Marcos Peña

Personal information
- Full name: Marcos Peña Ocaña
- Date of birth: 22 January 2005 (age 21)
- Place of birth: Almería, Spain
- Height: 1.80 m (5 ft 11 in)
- Position: Midfielder

Team information
- Current team: Famalicão
- Number: 8

Youth career
- 2009–2017: Pavía
- 2013–2014: → Loma de Acosta (loan)
- 2017–2019: Málaga
- 2019–2020: San Félix
- 2020–2023: Almería

Senior career*
- Years: Team / Apps / (Gls)
- 2023–2024: Almería B / 23 / (2)
- 2024–2025: Almería / 7 / (0)
- 2024–2025: → Marbella (loan) / 34 / (1)
- 2025–: Famalicão / 16 / (0)

= Marcos Peña (footballer) =

Spanish footballer (born 2005)

Marcos Peña Ocaña (born 22 January 2005) is a Spanish professional footballer who plays as a midfielder for Primeira Liga club Famalicão.

==Career==
Born in Almería, Andalusia, Peña began his career with hometown side UD Pavía at the age of four, before moving to the youth sides of Málaga CF in 2017. In 2020, he moved to UD Almería, and was a captain of the Juvenil squad which reached the Copa del Rey Juvenil de Fútbol final in 2023.

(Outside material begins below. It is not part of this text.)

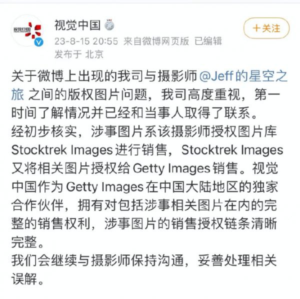 针对视觉中国的声明,戴建峰8月16日早上回应,表示自己已经跟Stocktrek Images核实:“Stocktrek明确告知我,视觉中国无权销售我的作品,也没有我作品的任何版权。Getty也无权将我的作品再次转售。”
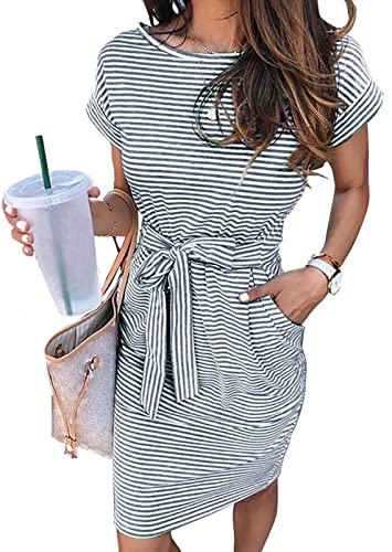 MEROKEETY Women's Summer Striped Short Sleeve T Shirt Dress Casual Tie Waist with Pockets Dusty Blue

Promoted to the reserves ahead of the 2023–24 season, Peña made his senior debut on 10 September 2023, starting in a 0–0 Tercera Federación away draw against Atlético Malagueño. He scored his first goal fourteen days later, netting the opener in a 1–1 draw at UD Ciudad de Torredonjimeno.

Peña made his first team – and La Liga – debut on 17 March 2024, starting in a 1–0 away win over UD Las Palmas, which was the club's first league win of the campaign. On 30 August, he was loaned to Primera Federación side Marbella FC for the season.

On 1 August 2025, Peña moved abroad for the first time in his career, signing a four-year contract with Primeira Liga side Famalicão.